__Exercise__
For the records below, please print exactly and only the lines from the one with "客室内椅子の取付・取外し" down to the one with "じゃがいもを おやきにして いただきました。", both ends included, omitting the pictures.

__Exercise input__
___
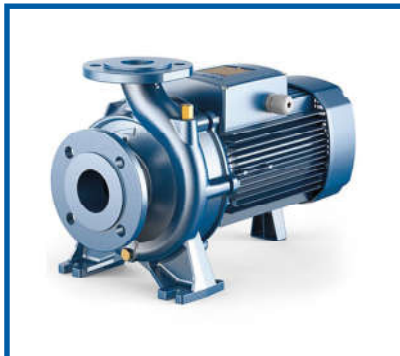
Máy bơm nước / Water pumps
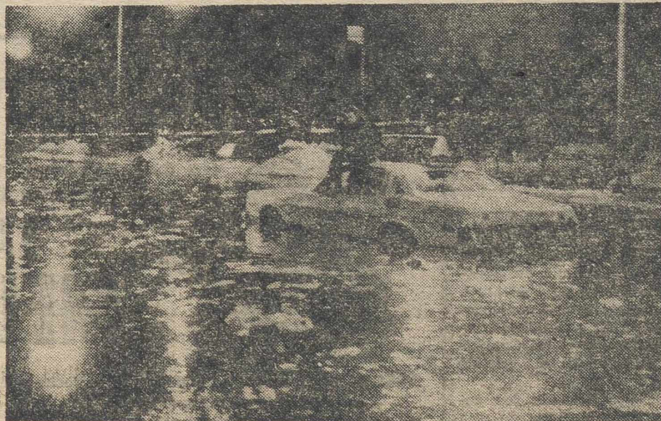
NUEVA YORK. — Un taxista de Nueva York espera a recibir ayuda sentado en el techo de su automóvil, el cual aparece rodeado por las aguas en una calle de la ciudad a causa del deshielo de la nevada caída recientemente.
___
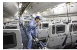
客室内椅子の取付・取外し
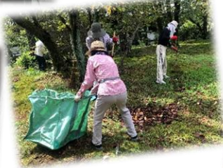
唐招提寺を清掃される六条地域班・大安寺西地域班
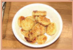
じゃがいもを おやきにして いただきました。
___
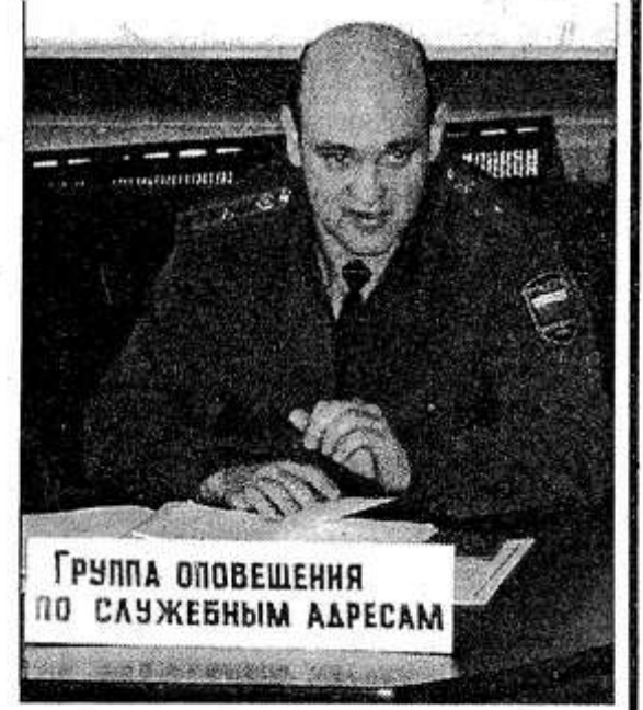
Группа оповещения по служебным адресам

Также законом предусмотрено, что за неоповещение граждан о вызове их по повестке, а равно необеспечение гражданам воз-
___
__Solution to this problem__
客室内椅子の取付・取外し
唐招提寺を清掃される六条地域班・大安寺西地域班
じゃがいもを おやきにして いただきました。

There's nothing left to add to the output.